Work instruction: Write out the listing from the line with "パンツはフロントタックなワイドパンツ。" to the line with "By admin October", both lines included, exactly and nothing beyond. Leave pictures out.

Records to use:
——————————

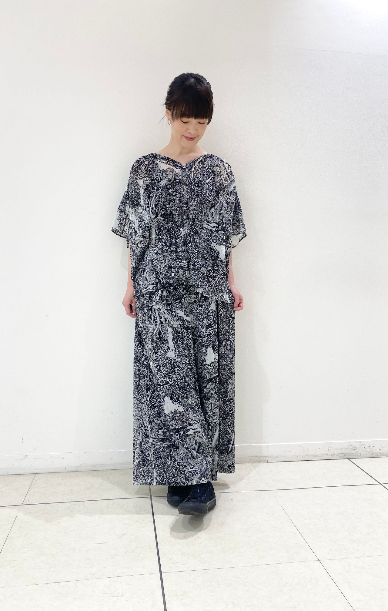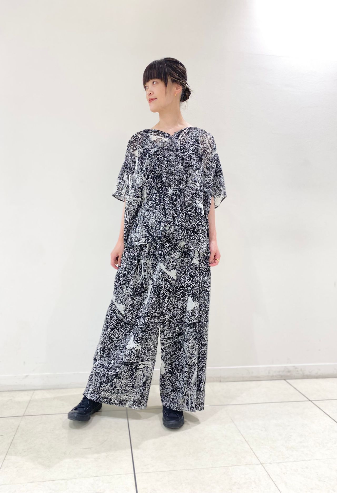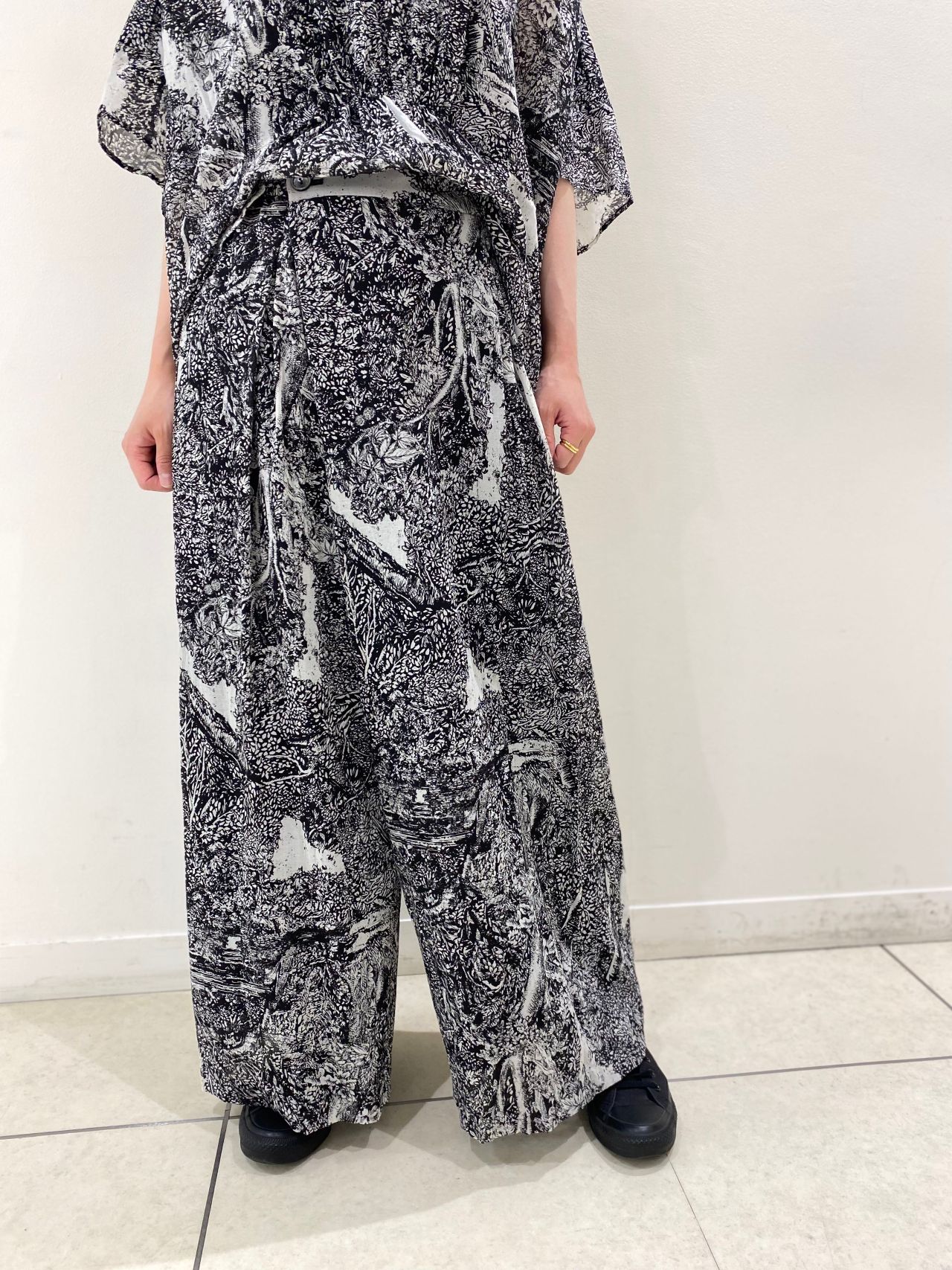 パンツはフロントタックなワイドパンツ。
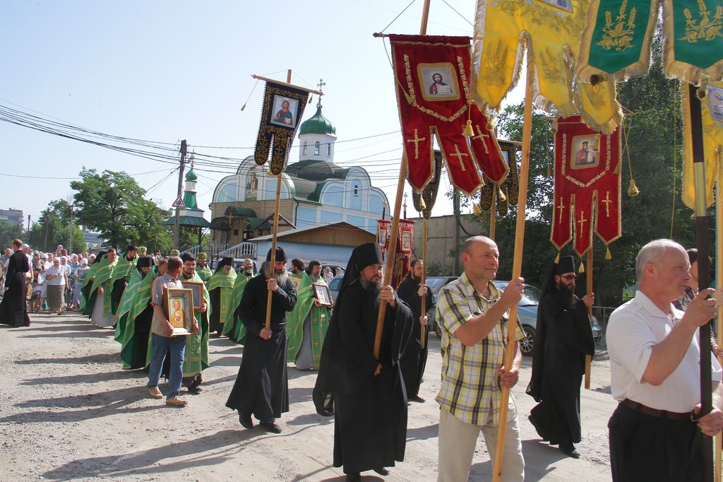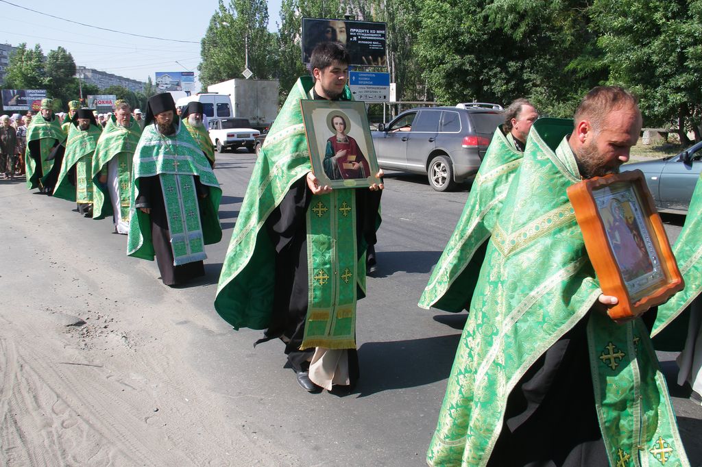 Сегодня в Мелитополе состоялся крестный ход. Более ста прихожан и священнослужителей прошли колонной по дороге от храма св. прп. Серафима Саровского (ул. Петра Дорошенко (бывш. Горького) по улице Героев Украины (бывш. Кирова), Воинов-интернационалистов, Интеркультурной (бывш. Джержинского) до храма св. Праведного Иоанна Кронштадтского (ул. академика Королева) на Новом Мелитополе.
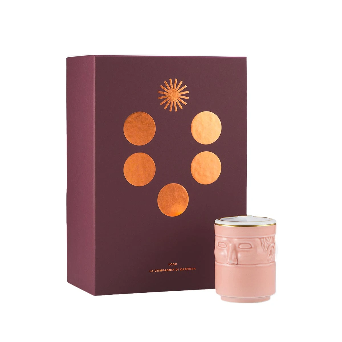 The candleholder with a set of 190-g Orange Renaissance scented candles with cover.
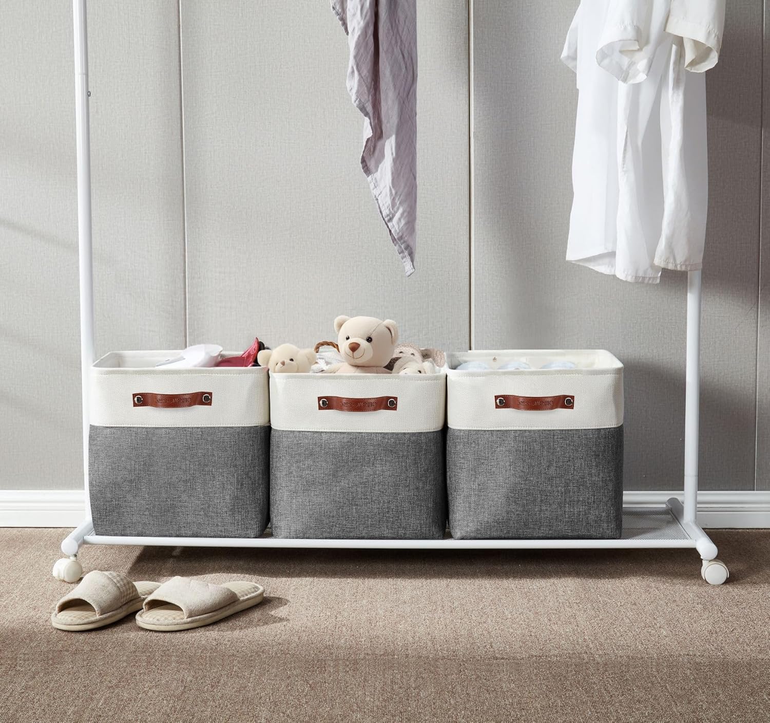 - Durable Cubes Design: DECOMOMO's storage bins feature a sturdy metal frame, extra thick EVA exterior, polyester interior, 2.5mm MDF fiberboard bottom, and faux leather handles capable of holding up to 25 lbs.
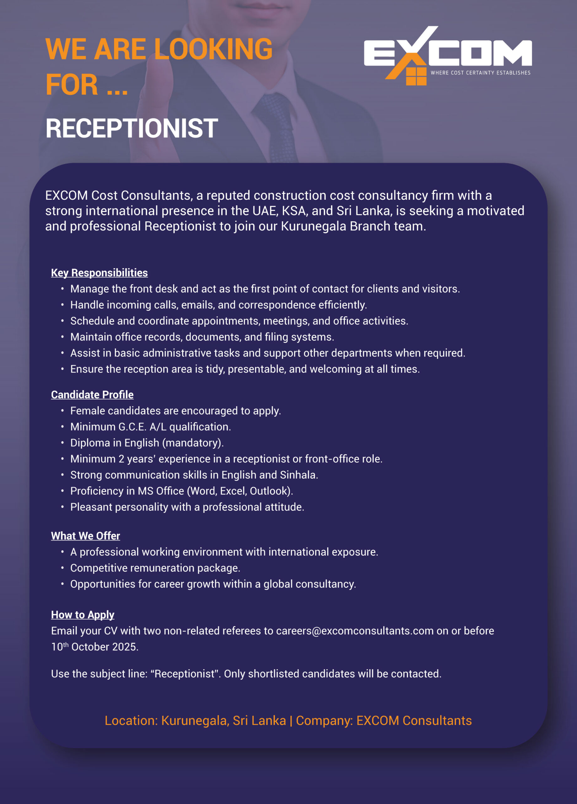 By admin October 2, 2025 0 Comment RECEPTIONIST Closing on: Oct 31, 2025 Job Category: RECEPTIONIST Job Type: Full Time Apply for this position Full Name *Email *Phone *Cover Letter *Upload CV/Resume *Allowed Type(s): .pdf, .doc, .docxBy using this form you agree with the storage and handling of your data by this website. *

——————————

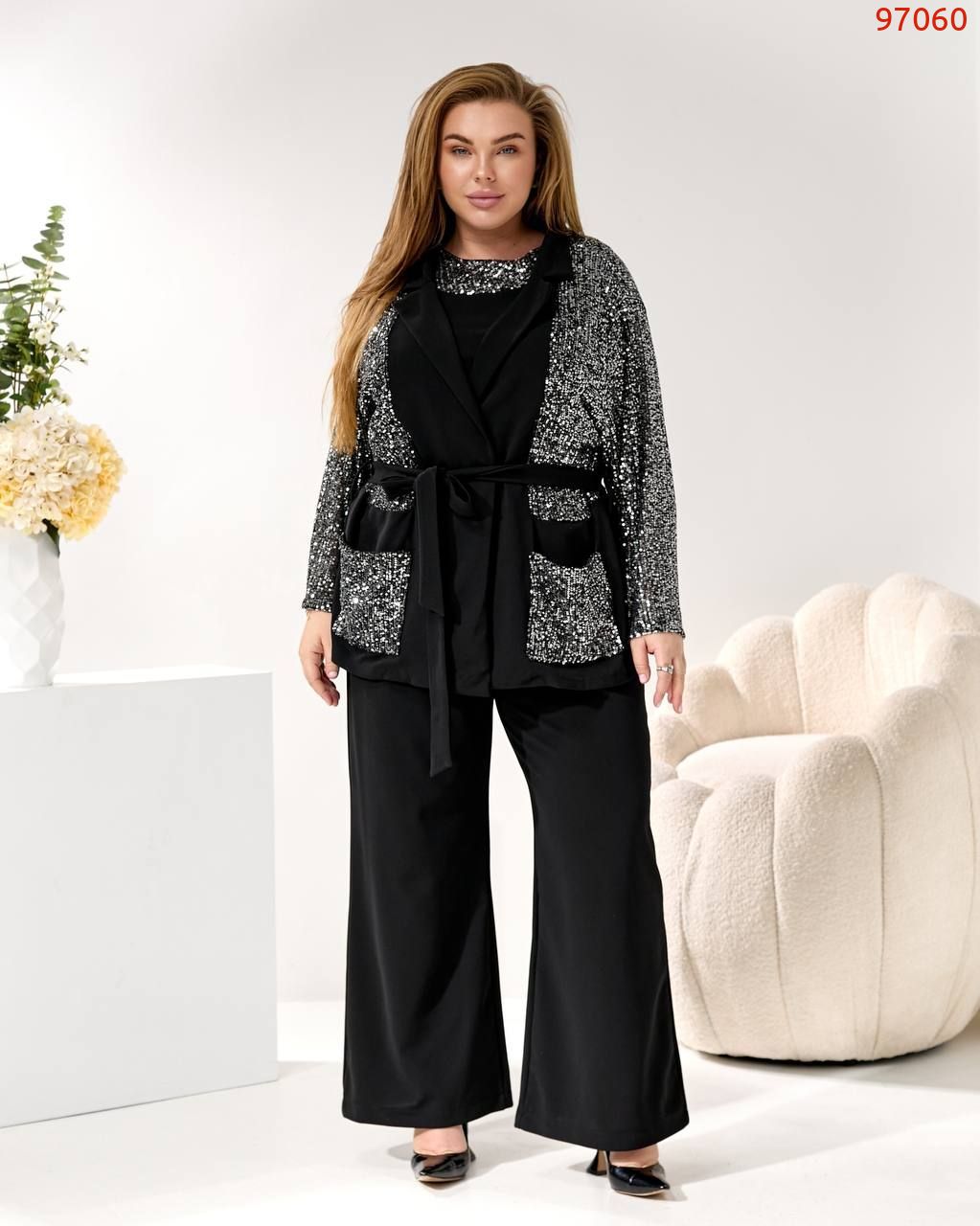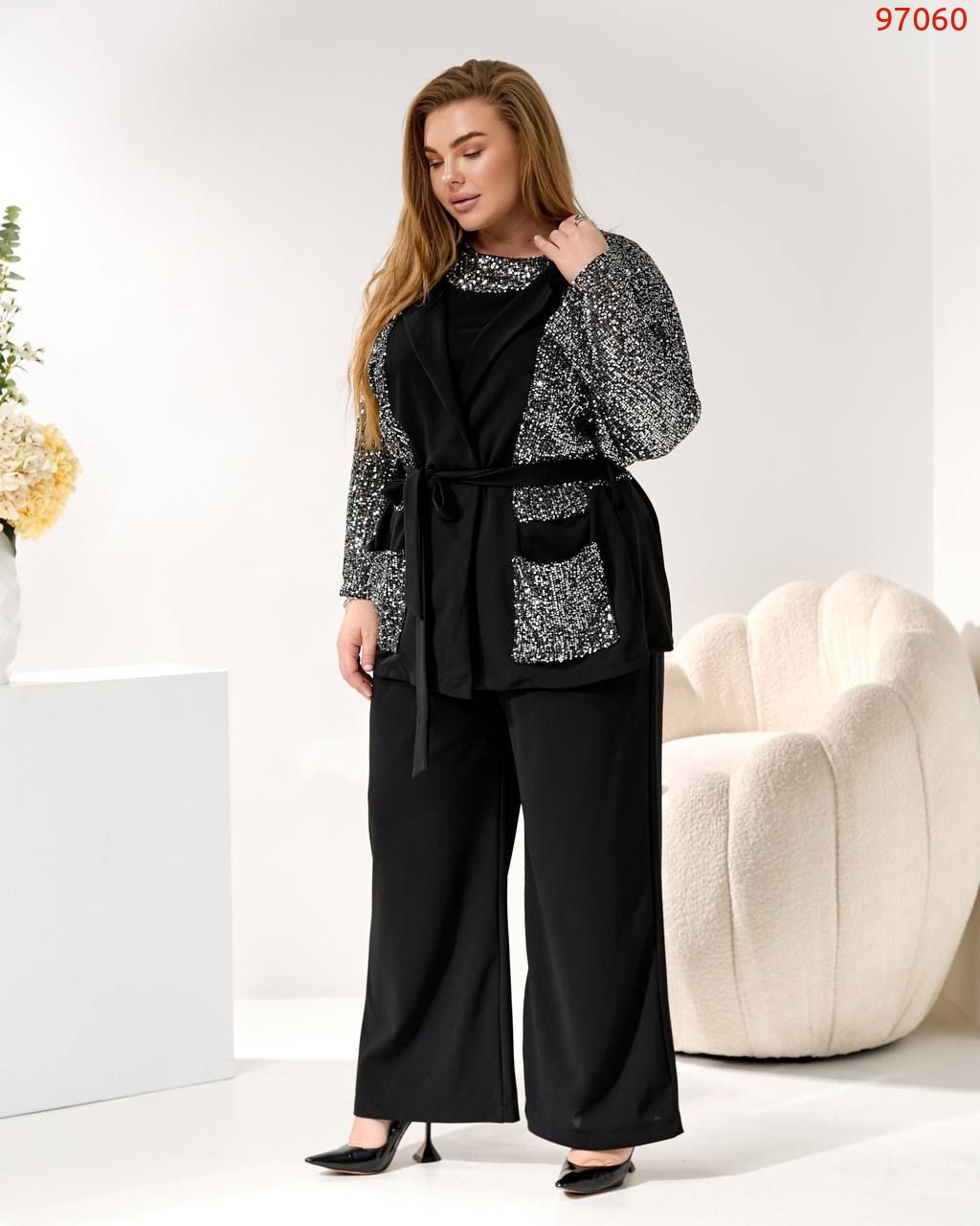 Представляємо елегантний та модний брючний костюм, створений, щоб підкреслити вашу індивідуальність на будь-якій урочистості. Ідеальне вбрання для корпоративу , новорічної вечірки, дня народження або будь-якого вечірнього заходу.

——————————

Written solution:
 パンツはフロントタックなワイドパンツ。
 Сегодня в Мелитополе состоялся крестный ход. Более ста прихожан и священнослужителей прошли колонной по дороге от храма св. прп. Серафима Саровского (ул. Петра Дорошенко (бывш. Горького) по улице Героев Украины (бывш. Кирова), Воинов-интернационалистов, Интеркультурной (бывш. Джержинского) до храма св. Праведного Иоанна Кронштадтского (ул. академика Королева) на Новом Мелитополе.
 The candleholder with a set of 190-g Orange Renaissance scented candles with cover.
 - Durable Cubes Design: DECOMOMO's storage bins feature a sturdy metal frame, extra thick EVA exterior, polyester interior, 2.5mm MDF fiberboard bottom, and faux leather handles capable of holding up to 25 lbs.
 By admin October 2, 2025 0 Comment RECEPTIONIST Closing on: Oct 31, 2025 Job Category: RECEPTIONIST Job Type: Full Time Apply for this position Full Name *Email *Phone *Cover Letter *Upload CV/Resume *Allowed Type(s): .pdf, .doc, .docxBy using this form you agree with the storage and handling of your data by this website. *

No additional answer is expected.